Je reviens sur cet exemple de Singapour. Pratiquement 80% des processus y sont digitalisés et les actions induites automatisées. Les derniers 20% concernant les décisions stratégiques, évidemment ils doivent rester dans des « mains humaines ». En d’autres termes, les médecins restent présents pour garantir que les patients doivent effectivement suivre des protocoles réguliers ou s’ils sont une exception à la règle et, le cas échéant, bénéficier d’un suivi spécifique.
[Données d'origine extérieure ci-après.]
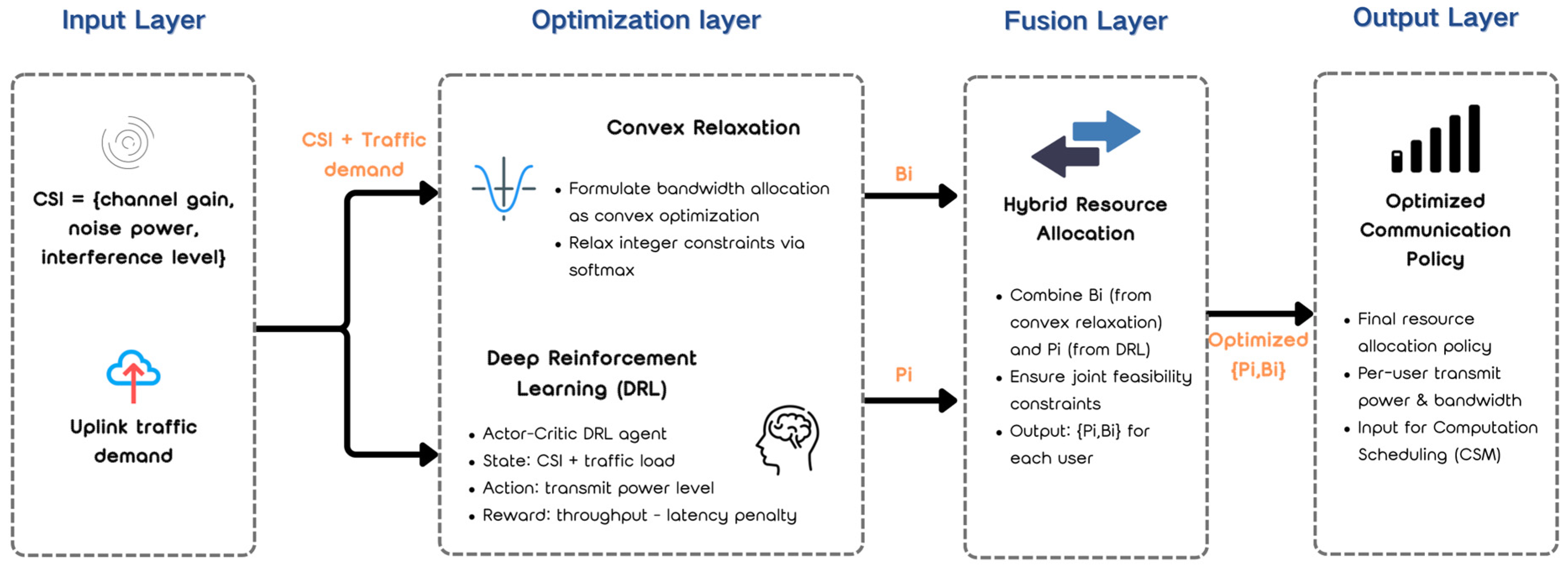8]. Our contributions are threefold. First, we designed a communication–computation co-optimization scheme that explicitly models the interplay between uplink bandwidth allocation, edge computing capacity, and FL convergence dynamics. Second, we propose a hybrid optimization strategy that integrates convex relaxation techniques with deep reinforcement learning-based policy adaptation, ensuring both theoretical tractability and adaptability to dynamic environments. Third, we incorporate a fairness-aware scheduling mechanism, which balances participation across heterogeneous devices and thereby improves robustness and inclusiveness of the FL process. Together, these innovations establish a holistic resource allocation paradigm that advances beyond existing communication-only or learning-only optimization approaches.

C’est donc un processus automatisé au maximum sous contrôle total de l’humain.

 

La question de la résistance face à l’innovation dans le domaine des soins de santé a déjà été évoquée dans notre article sur l’initiative Move Up. A Lire ici.

 

Après la pandémie, pensez-vous que l’innovation pourrait prendre plus de place ?

 

P.D’O. : Il me paraît essentiel que la prochaine pandémie soit gérée, non pas avec des outils d’aujourd’hui, mais des outils de demain. Prenons l’exemple des fabricants de masques chirurgicaux. La dernière usine européenne qui en produisait a fermé ses portes en 2018.

 

Aujourd’hui, il est question d’en ouvrir trois en Belgique. Est-ce le bon raisonnement pour répondre à une crise ? Dans l’urgence, peut-être. Mais si une nouvelle pandémie se déclare dans 10 ans, nous devrons avoir des protocoles préparés sans ce caractère d’urgence. Il faut anticiper dés la fin de la crise les prochaines situations avec les outils de demain. Pour y parvenir, les institutions devront accepter de rentrer dans une dynamique d’innovation. Développer une vision de ce que nous voulons comme système de santé dans le futur nous montrera automatiquement les innovations que nous devrons mettre en œuvre d’ici là pour y arriver.